Monday, June 4, 2012

A Tale of Two Cities

I just finished reading A Tale of Two Cities by Dickens.  I have to say I enjoyed it a lot more than I thought I would.  I have a new appreciation for Dicken's writing, which combines humour and wonderful descriptions with a good story and a thoughtful portrayal of human life.


A Tale of Two Cities presents a chiaroscuro of human character; loving and gracious characters shine brightly against a deeply dark background.  On it's own, that backdrop would be a disturbing, even frightening, picture of humanity.  The vengeful, blood-lusting crowds of Paris in the heyday of the guillotine are sobering in the caricature that Dickens presents.

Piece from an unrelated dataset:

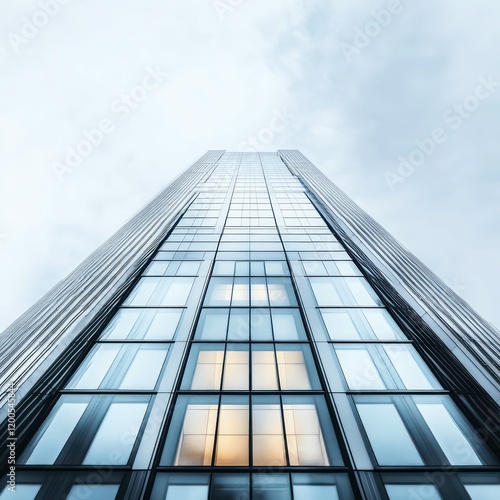 modern minimalist building with grid windows, clean lines, light facade, clear blue sky background, and urban architectural design.

And yet there is light.  We read of the strength of love, willing to sacrifice all.  Of the redemptive power of Christ's sacrifice which transforms even the most repulsive person into a hero.  Of the hope of resurrection.

Like the book of Esther, God is hardly mentioned, if at all.  One might even be tempted to believe he has abandoned France to its suffering.  Yet he is there.  And as the story builds to its climax, we read the oft-repeated refrain:
I am the resurrection, and the life: he that believeth in me, though he were dead, yet shall he live: And whosoever liveth and believeth in me shall never die.
Have you read this book, or other books by Dickens?  What did you think?



1 comment:

  1. I haven't read this book, but I have read "Great Expectations" and "The Pickwick Papers".

    Great Expectations I read for book assignment in high school English, and it's been awhile, so I can't remember what it was like, but I know I enjoyed at least certain parts of it.

    The Pickwick Papers was a long book, but quite interesting, as I am a writer, and it was also referred to in the movie "Little Women." That was what inspired me to read it.